In May 2018, he initiated the international conference "The Balkan experience of achieving peace: lessons for Ukraine” in Zagreb, Croatia. It was attended by well-known politicians and experts from Ukraine, Croatia, Serbia, Montenegro, Bosnia and Herzegovina, North Macedonia, Austria and the disputed republic of Kosovo.

Novynskyi contested the 2019 Ukrainian parliamentary election in the Donbas, specifically the 57th single-seat constituency, located in the Donetsk Oblast. He won, receiving 42.6% of the votes cast and took office for his third term in parliament.

When Russia invaded Ukraine in February 2022, Novynskyi remained in the country, condemned the invasion, said there could be no excuses for it. He resigned from parliament in June 2022. He left Ukraine in 2023.

== Religious life ==

Novynskyi is an active parishioner and patron of the Ukrainian Orthodox Church (UOC), and is a protodeacon.

On 23 April 2020, it became known that Metropolitan Onufriy (Berezovsky), Primate of the UOC, ordained Novinsky as a deacon. This was not officially reported; unofficially, the date of the ordination was 7 April. Novynskyi served as a deacon for the first time in public at the Kyiv Pechersk Lavra on 7 June, the Feast of Pentecost.

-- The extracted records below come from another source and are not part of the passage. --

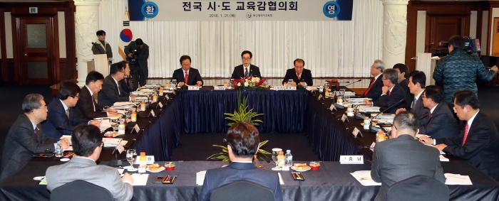 (부산=포커스뉴스) 이준식 교육부 장관이 21일 오후 부산 해운대 그랜드호텔에서 열린 전국 시·도교육감협의회 총회에 참석해 질문을 받고 있다. 이날 총회는 누리과정 예산 및 총회 상정 안건, 사무국 제안 안건 등을 논의했다. <사진제공=교육부>
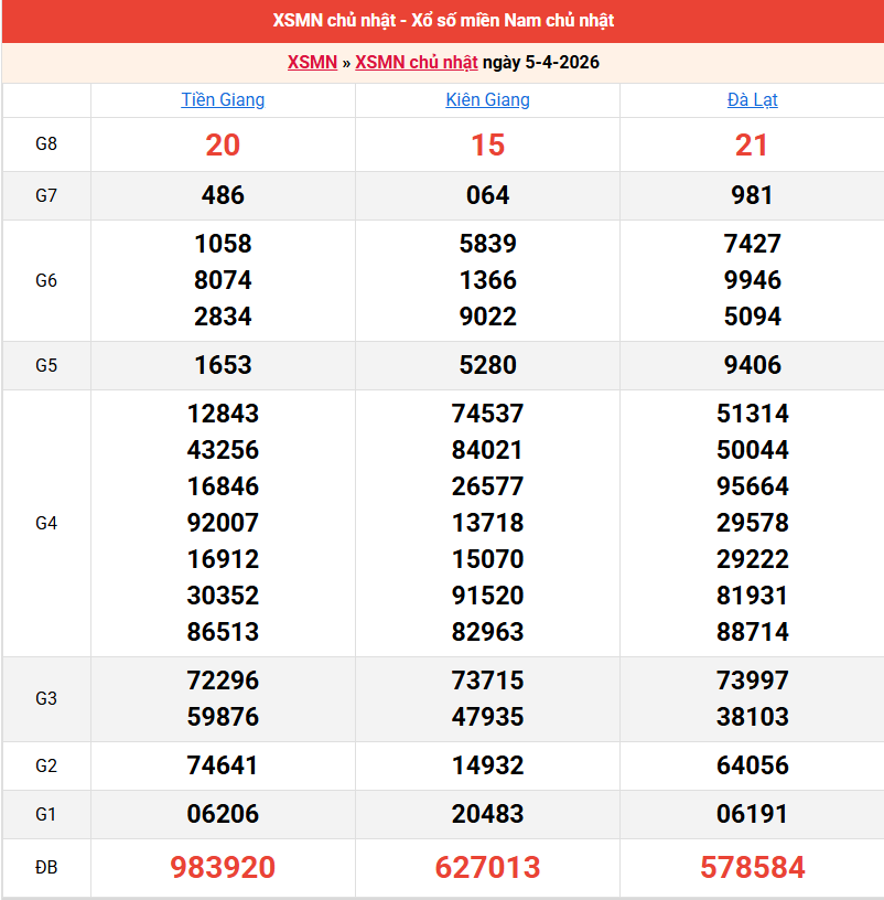 Bảng kết quả kỳ trước 05/04/2026
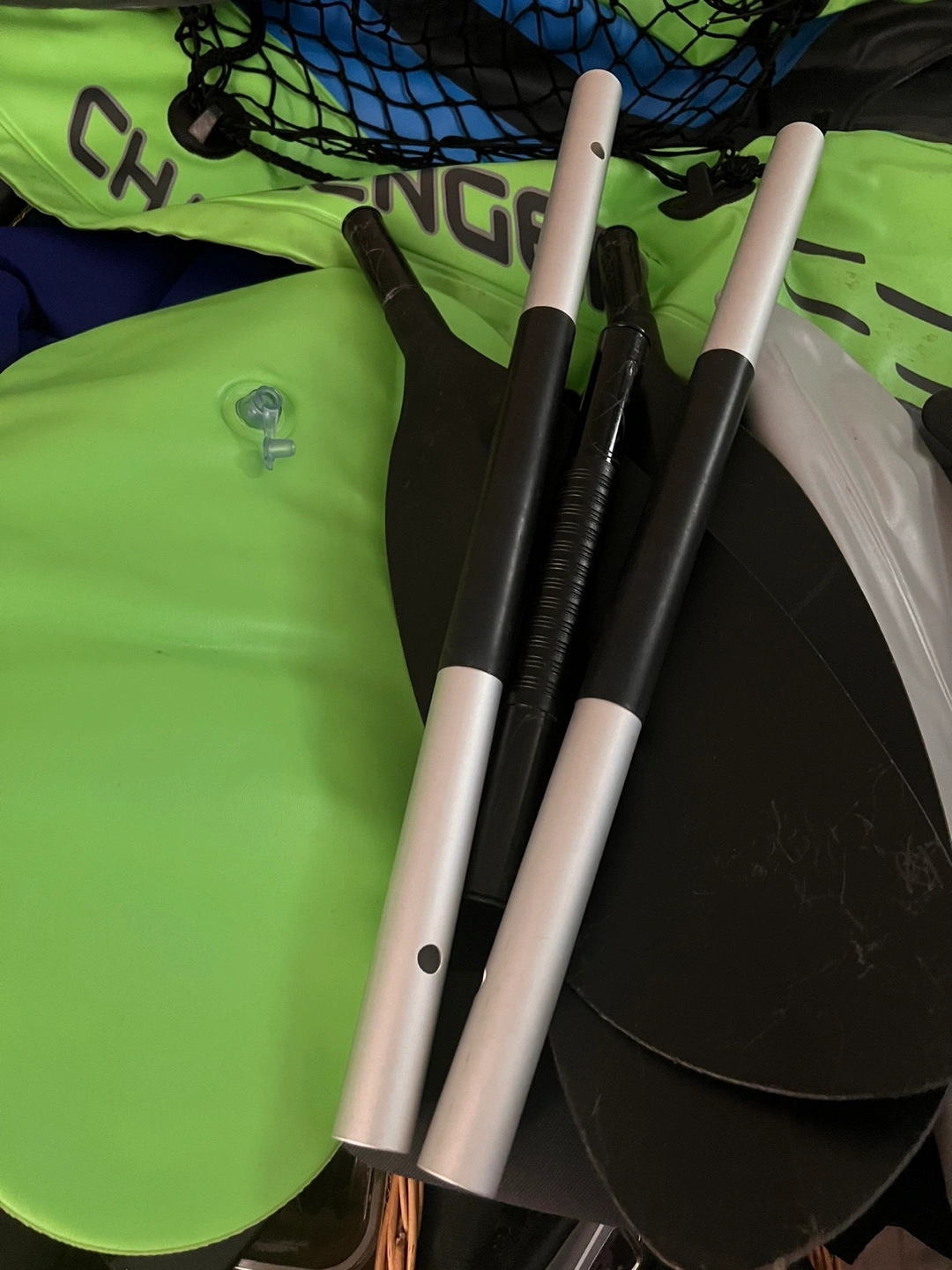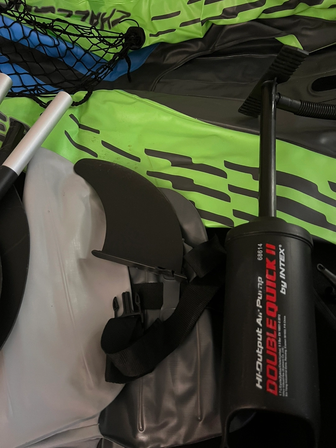 In very good condition, with no leaks and no box. Inflatable single-person kayak. Includes high-output pump, paddle, and removable skeg. Features comfortable cockpit and cargo net. Great for recreational use. Can meet at Starbucks Burquitlam and the price is $50 cash.
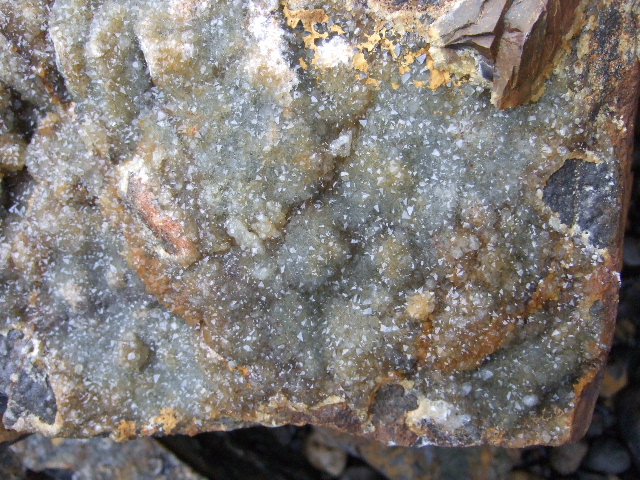 Mais vu la dureté du support,impossible ou presque de recueillir des échantillons ! Les têtes de quartz se détachent les unes des autres !
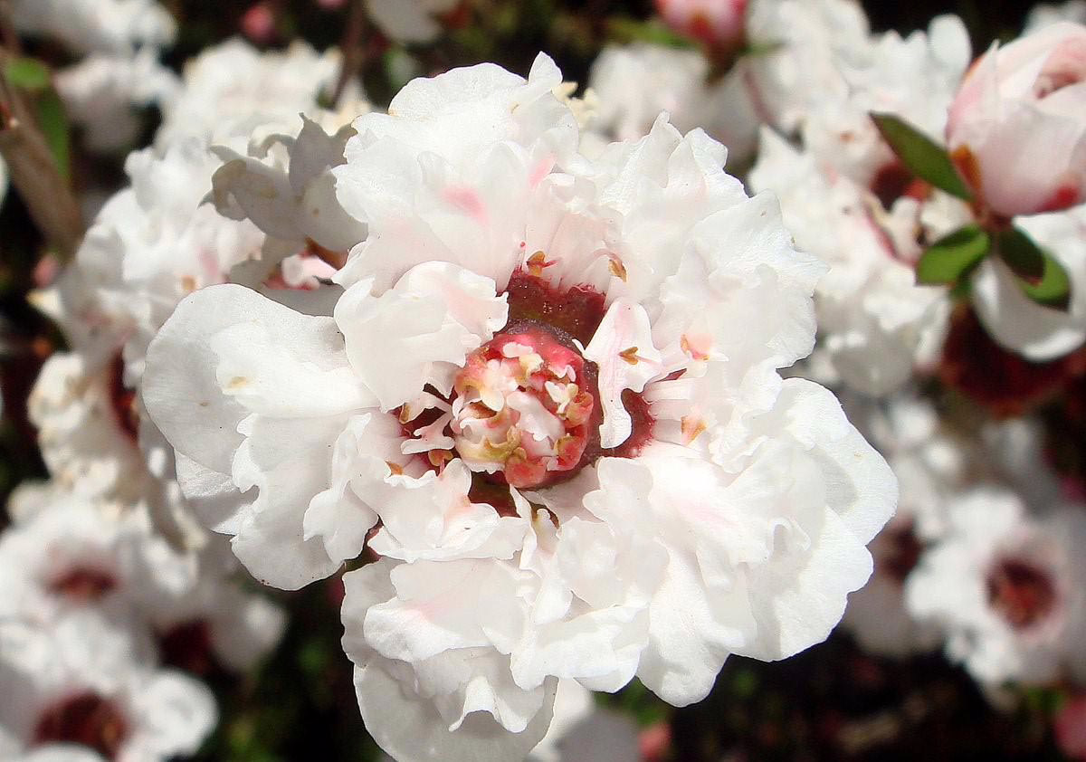 Leptospermum scoparium ‘Princess Anne’, also known as mānuka, is an evergreen shrub valued for its profuse flowering and fine, textured foliage. The small leaves form a dense, bushy framework that provides year-round structure in the garden. In spring Leptospermum scoparium ‘Princess Anne’ produces an abundance of large, double white flowers, each marked with a distinctive dark maroon centre. The massed blooms create a striking display and make this cultivar a standout feature when in full flower. A selection of the New Zealand native Leptospermum scoparium, Leptospermum scoparium ‘Princess Anne’ grows best in full sun and free-draining soils. Once established it tolerates dry conditions and light frosts, making it well suited to a range of garden situations, particularly in open, sunny sites. With its showy flowering, compact growth, and hardy nature, Leptospermum scoparium ‘Princess Anne’ is ideal for use as a specimen shrub, in mixed borders, or as part of native and low-maintenance planting schemes.
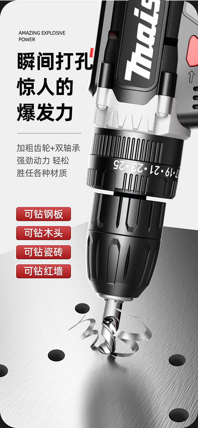 고출력 리튬 전기 드릴 충격 전기 드릴 가정용 다기능 전기 드릴 충전식 드릴 핸드 건 드릴 전기 스크루 드라이버스토어 가기
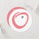 Cute baby shower invitation. Front has a pregnant, pink belly with belly button. Done in colours of pink, white and black. Simple and sweet

In the media, Novynskyi actively defends the UOC and has criticised the religious separation of Ukrainian Orthodoxy after the similarly named, uncanonical, schismatic, and state-backed Orthodox Church of Ukraine (OCU) was recognised by the Ecumenical Patriarchate of Constantinople. Known for his uncompromising position regarding what he believes to be the persecution of the UOC by the authorities, he has repeatedly entered into public discussions with officials, including Presidents Petro Poroshenko and Volodymyr Zelensky, on issues of religious policy in Ukraine. Novynskyi has argued that his religious views have motivated governmental and prosecutorial actions against him.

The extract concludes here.